Suddenly, I saw myself as chasing after him during those months in Delhi, clearly showing him (and everyone else) that he only had to say the word and I’d leap into his arms with a shriek of joy, while all the time he, on his side, was unable to make up his mind whether he really wanted me or not, and was so sure of me that he could keep me hanging about in Kashmir, biting my fingernails and wondering if the verdict would be a telegram to say ‘Arriving Srinagar first week in June. Writing,’ or ‘Decided cannot manage Kashmir this year, sorry, Targett’ In the event I received neither. Bob did not write again, and nor did I.
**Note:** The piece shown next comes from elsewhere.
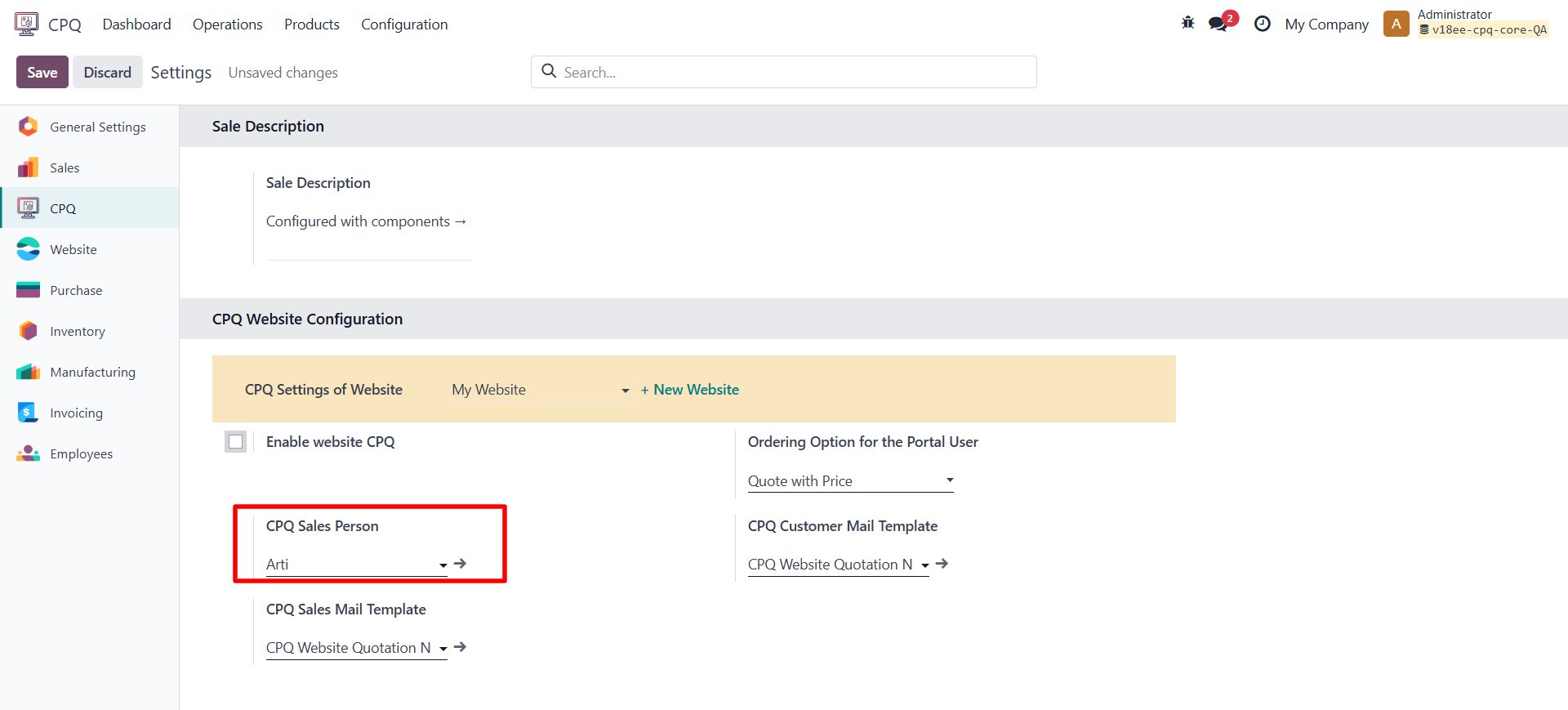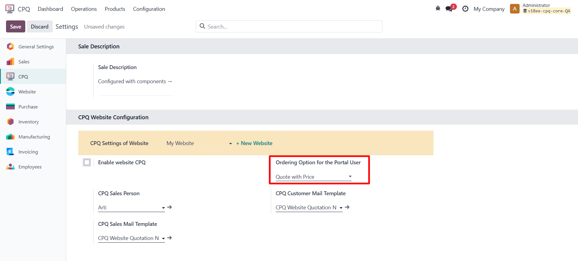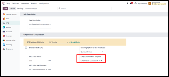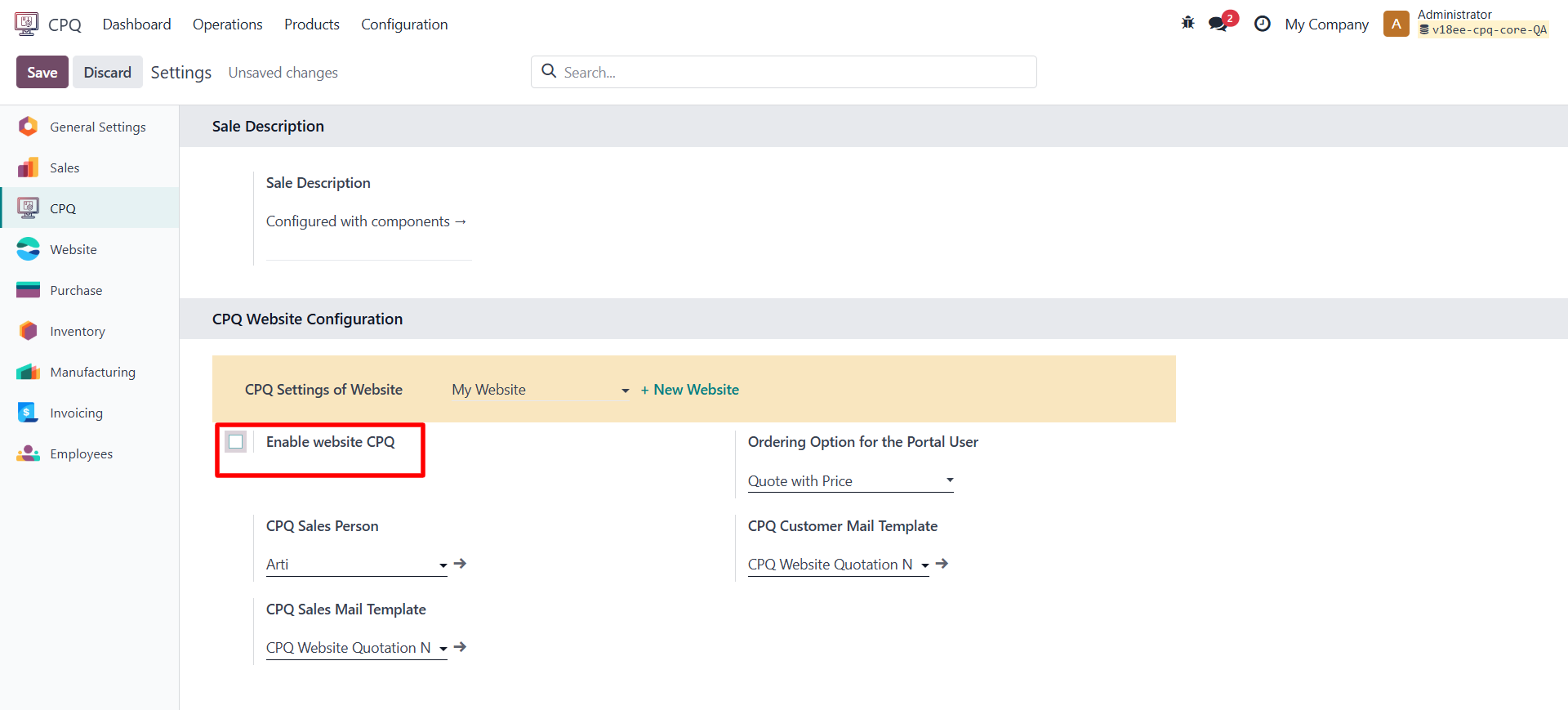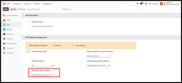 • Go to CPQ → Configuration → Settings and enable the option “Enable Website CPQ” in the CPQ Website Configuration tab.

We were to meet again, of course, in Delhi. That we should do so was hardly avoidable in India. And the complications of love being out of the way, we became great friends. Bob was to marry twice, the first time a few years later. Later still, after the first marriage ended in divorce and he had been knighted, he eventually married again — and this time, as far as I know, lived happily ever after. He only once referred to our brief romance, and that was a full ten years later during a Viceregal Ball in New Delhi, when his first marriage was over, and when I had turned thirty and was still unmarried. We had been dancing together, and afterwards we walked out into the lantern-lit garden to sit out the next dance and talk, and he said unexpectedly that he’d been a fool not to marry me, and that he believed that we would have made a great success of it, and that I had taken his letter in quite the wrong way and my reply to it had given his amour propre such a staggering kick in the teeth that his immediate reaction had been to make straight for Kashmir, demand to know what the hell I thought I was up to, and shake me until my teeth rattled. Which was, he said, exactly what he should have done if he’d any sense, because it might have shaken some sense into me, and he should have refused to leave until I’d agreed to get engaged to him and set a date for an autumn wedding in Delhi.